Give again, unaltered, the lines of the listing below that run from the line having "Join Ferndale Parks" through the line having "深みのある色合いとシワで、布ぞうり全体がリラックス感のある雰囲気に。".

◆ Supplied data:
::::::::
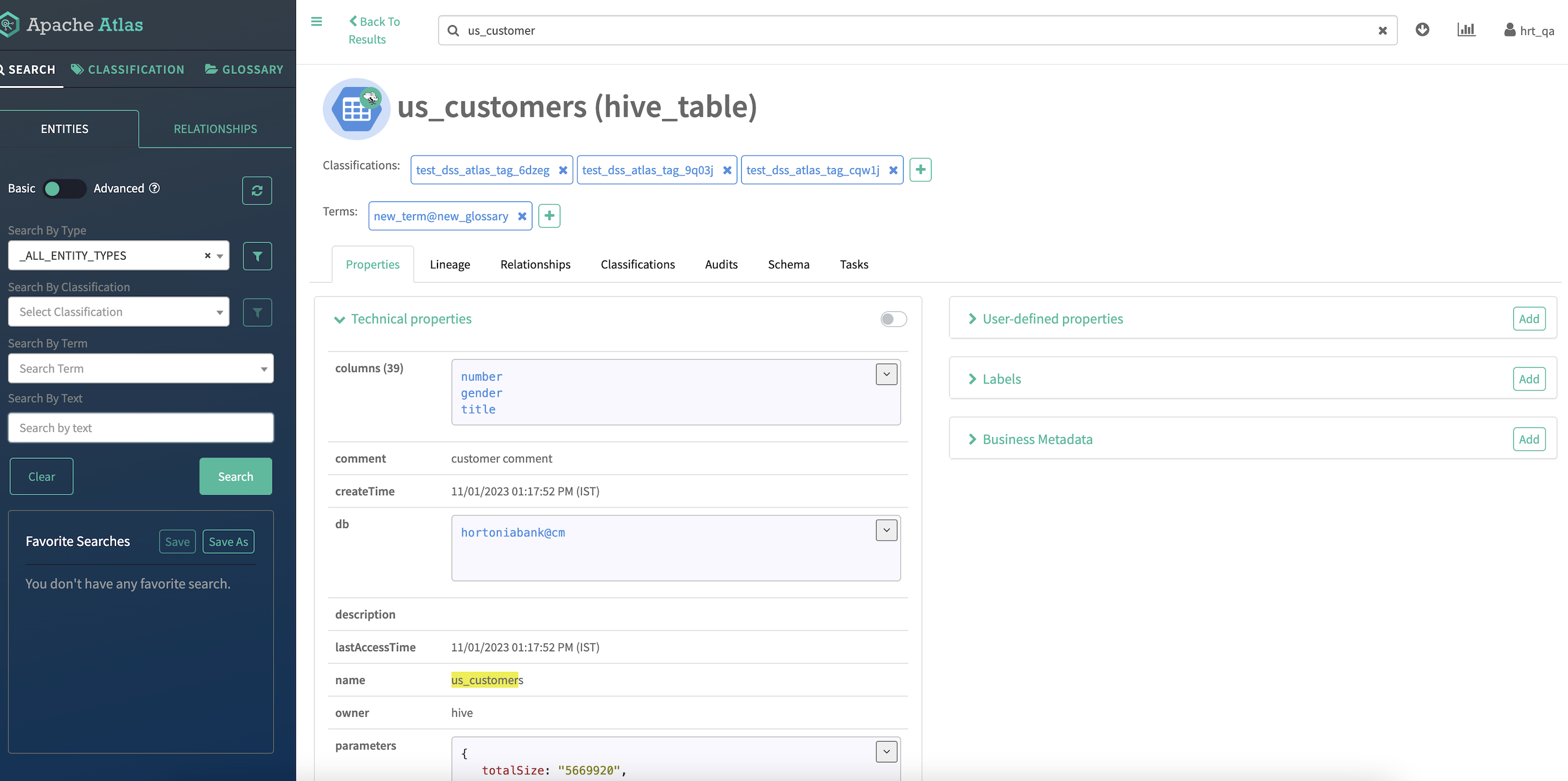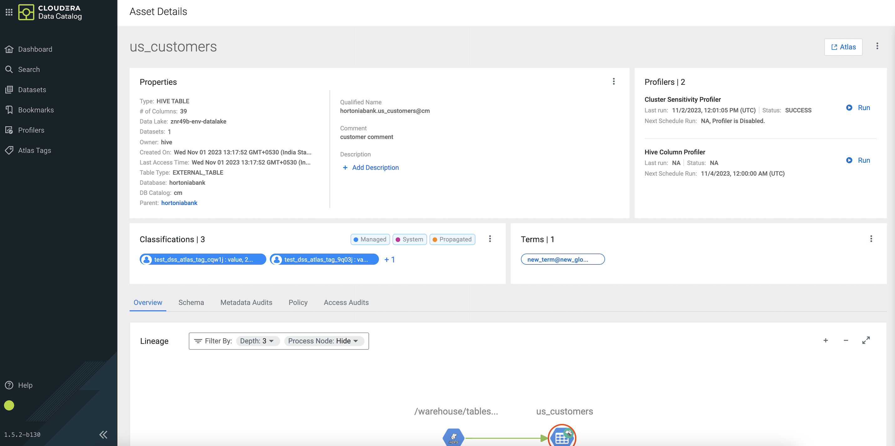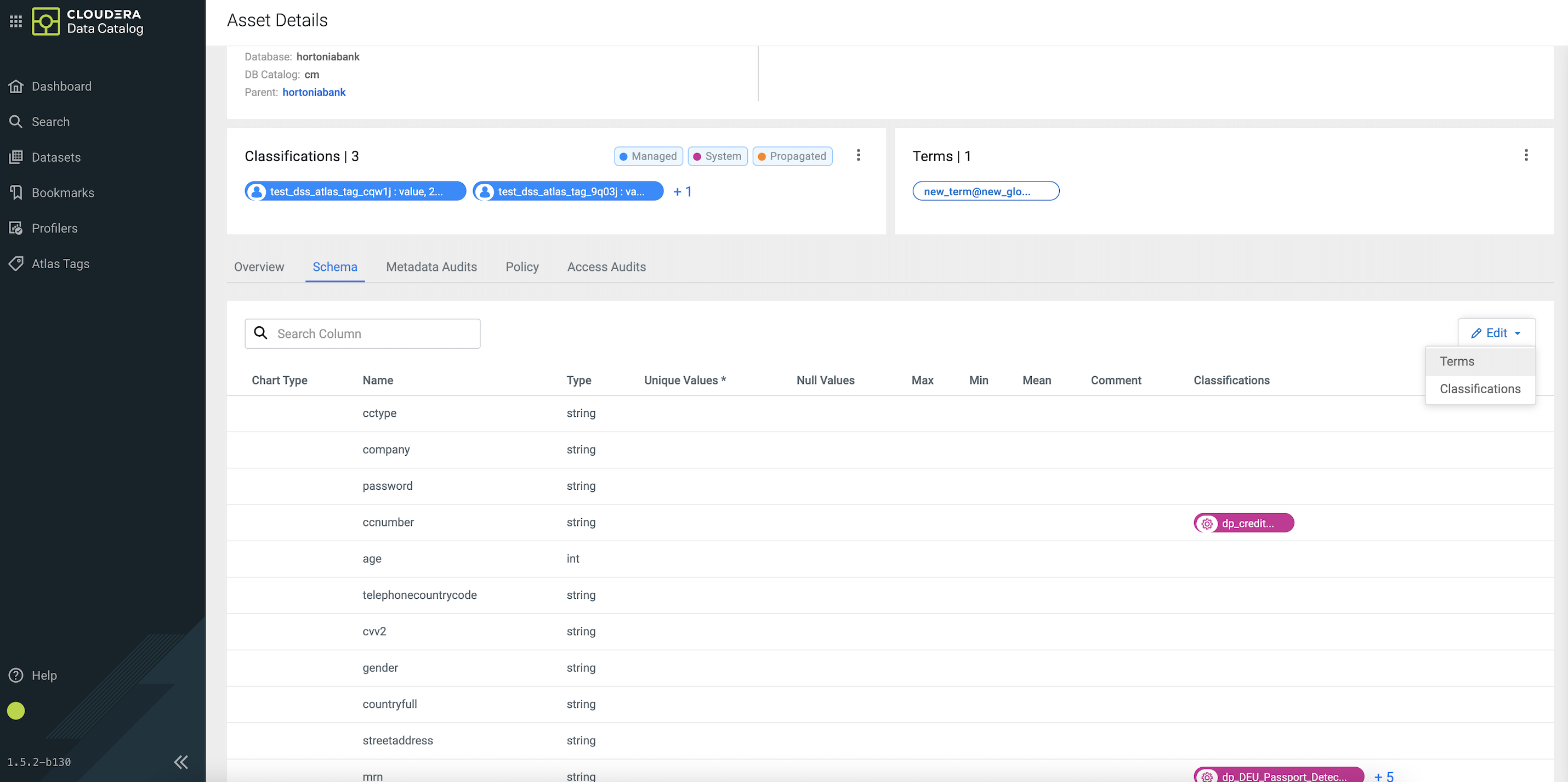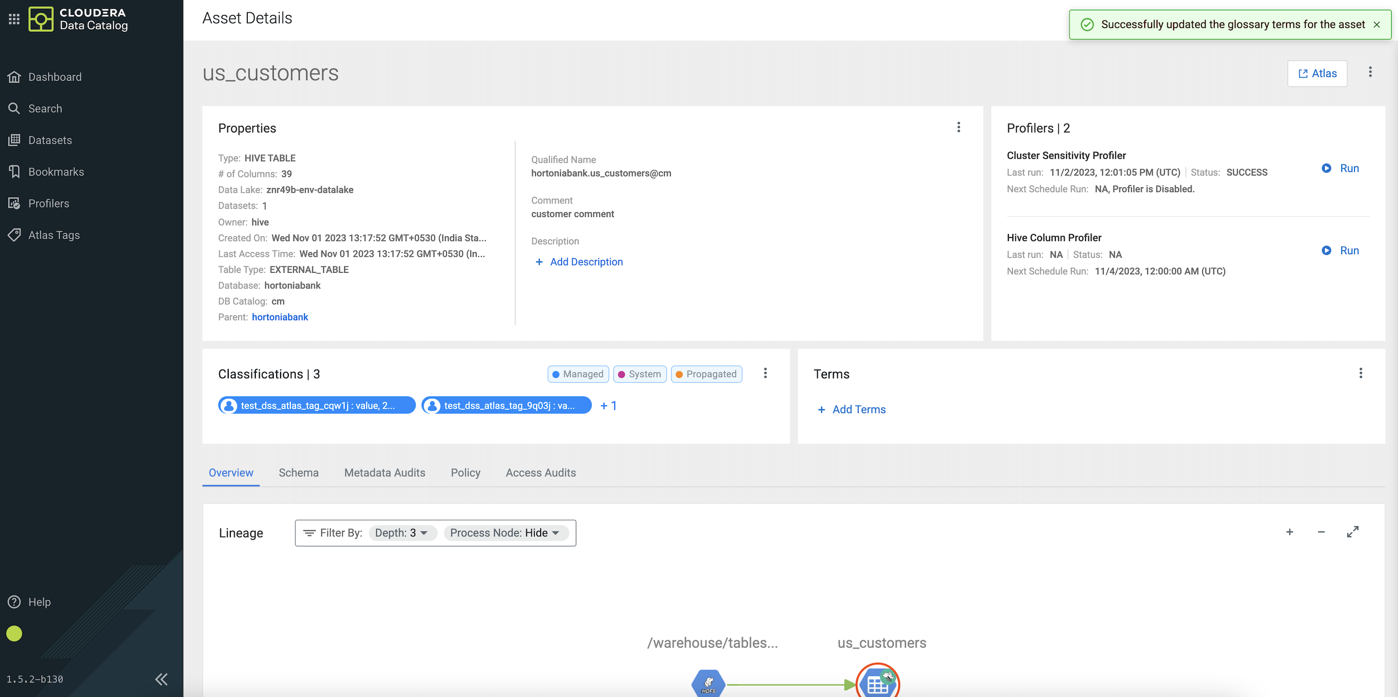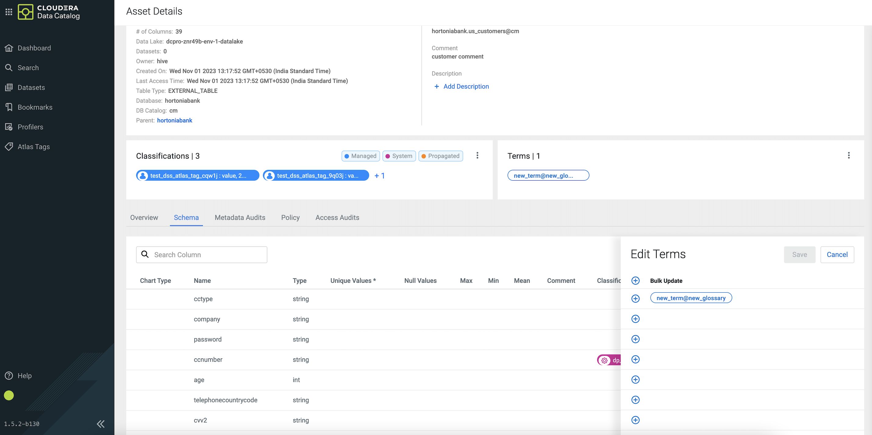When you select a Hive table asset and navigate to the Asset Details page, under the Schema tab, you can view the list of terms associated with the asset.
::::::::
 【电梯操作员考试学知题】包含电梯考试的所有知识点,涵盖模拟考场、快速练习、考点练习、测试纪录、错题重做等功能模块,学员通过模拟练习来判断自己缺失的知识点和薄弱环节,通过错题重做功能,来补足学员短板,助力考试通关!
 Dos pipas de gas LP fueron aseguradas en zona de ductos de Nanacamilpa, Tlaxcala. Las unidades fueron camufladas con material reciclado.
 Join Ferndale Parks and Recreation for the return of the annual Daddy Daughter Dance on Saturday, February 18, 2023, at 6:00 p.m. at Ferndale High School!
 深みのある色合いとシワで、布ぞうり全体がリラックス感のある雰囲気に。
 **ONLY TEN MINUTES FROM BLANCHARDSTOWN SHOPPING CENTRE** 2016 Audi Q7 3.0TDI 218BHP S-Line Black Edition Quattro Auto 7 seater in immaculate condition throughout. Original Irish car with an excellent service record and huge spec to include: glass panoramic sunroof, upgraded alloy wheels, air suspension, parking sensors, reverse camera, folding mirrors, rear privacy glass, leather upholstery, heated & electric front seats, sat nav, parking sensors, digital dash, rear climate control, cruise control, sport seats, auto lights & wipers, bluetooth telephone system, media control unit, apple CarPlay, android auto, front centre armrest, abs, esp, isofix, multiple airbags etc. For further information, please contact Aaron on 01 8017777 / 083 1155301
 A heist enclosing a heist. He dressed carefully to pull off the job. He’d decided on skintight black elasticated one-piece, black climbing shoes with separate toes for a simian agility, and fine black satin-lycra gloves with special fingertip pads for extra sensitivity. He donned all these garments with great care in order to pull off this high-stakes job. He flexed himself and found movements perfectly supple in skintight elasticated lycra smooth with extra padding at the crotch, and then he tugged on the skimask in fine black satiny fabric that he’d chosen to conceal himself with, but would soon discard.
::::::::
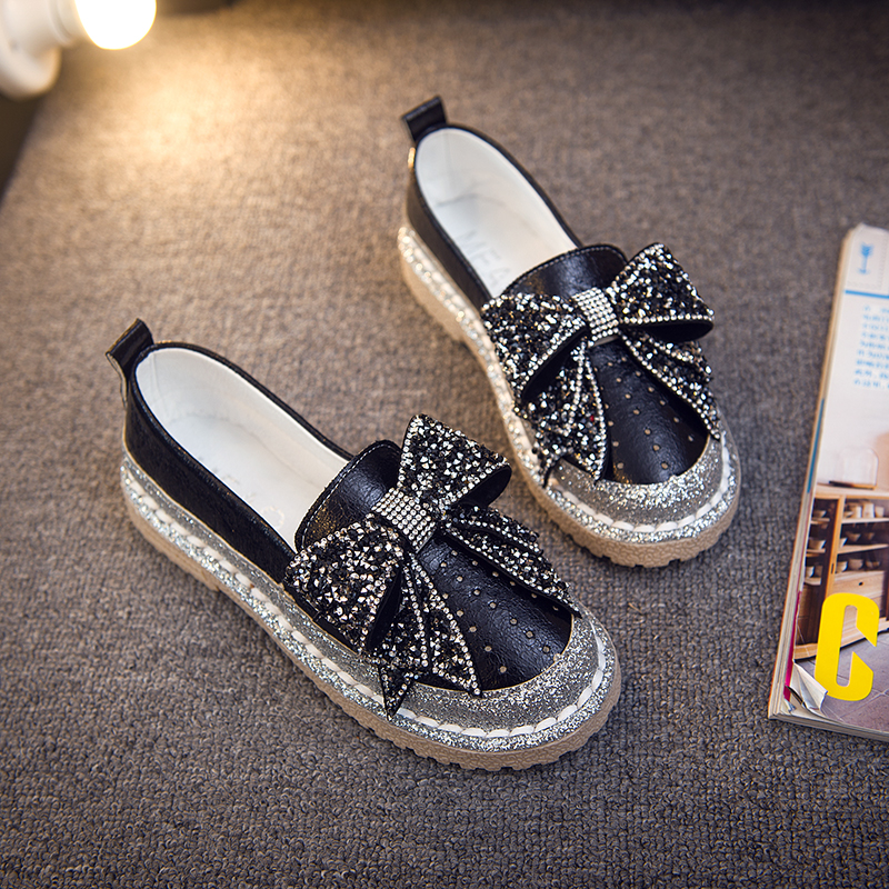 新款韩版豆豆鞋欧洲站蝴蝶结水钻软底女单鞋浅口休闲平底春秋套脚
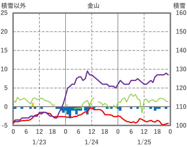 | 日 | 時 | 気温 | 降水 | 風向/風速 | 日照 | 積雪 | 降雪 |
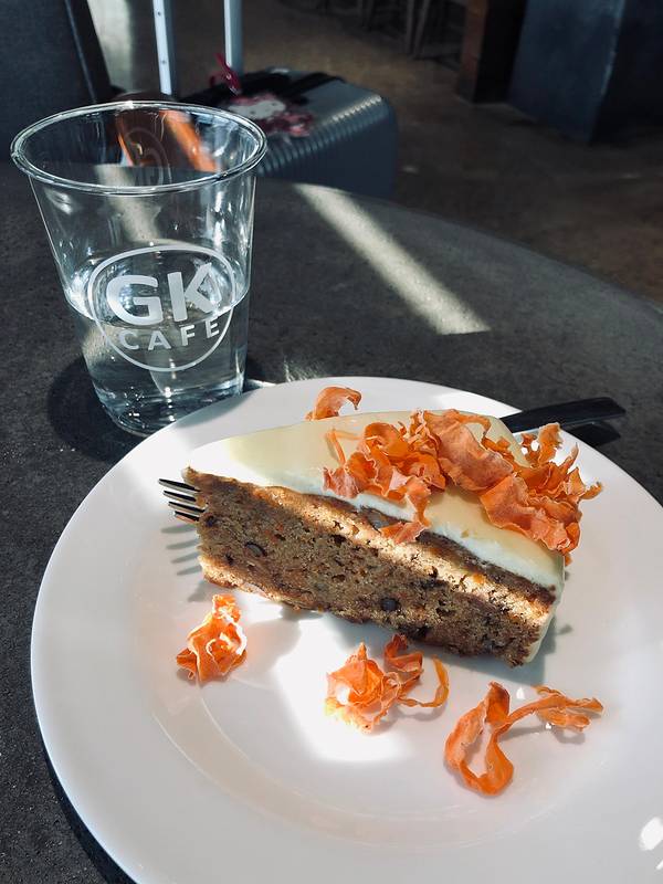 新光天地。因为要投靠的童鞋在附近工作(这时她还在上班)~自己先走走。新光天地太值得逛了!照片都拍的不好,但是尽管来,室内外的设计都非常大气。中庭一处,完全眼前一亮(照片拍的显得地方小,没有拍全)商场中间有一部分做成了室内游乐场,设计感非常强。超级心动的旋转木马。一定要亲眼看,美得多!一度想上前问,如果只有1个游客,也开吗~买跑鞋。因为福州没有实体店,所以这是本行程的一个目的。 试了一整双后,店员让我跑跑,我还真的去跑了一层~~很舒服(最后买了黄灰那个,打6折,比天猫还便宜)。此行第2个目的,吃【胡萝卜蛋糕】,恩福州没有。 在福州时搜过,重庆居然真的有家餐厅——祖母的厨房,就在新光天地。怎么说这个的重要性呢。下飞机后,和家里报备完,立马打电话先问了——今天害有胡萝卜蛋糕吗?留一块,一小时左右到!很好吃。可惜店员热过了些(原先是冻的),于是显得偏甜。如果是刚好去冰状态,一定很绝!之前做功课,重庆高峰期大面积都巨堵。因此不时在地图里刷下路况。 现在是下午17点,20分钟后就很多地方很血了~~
::::::::
◆ Response to this task:
 Join Ferndale Parks and Recreation for the return of the annual Daddy Daughter Dance on Saturday, February 18, 2023, at 6:00 p.m. at Ferndale High School!
 深みのある色合いとシワで、布ぞうり全体がリラックス感のある雰囲気に。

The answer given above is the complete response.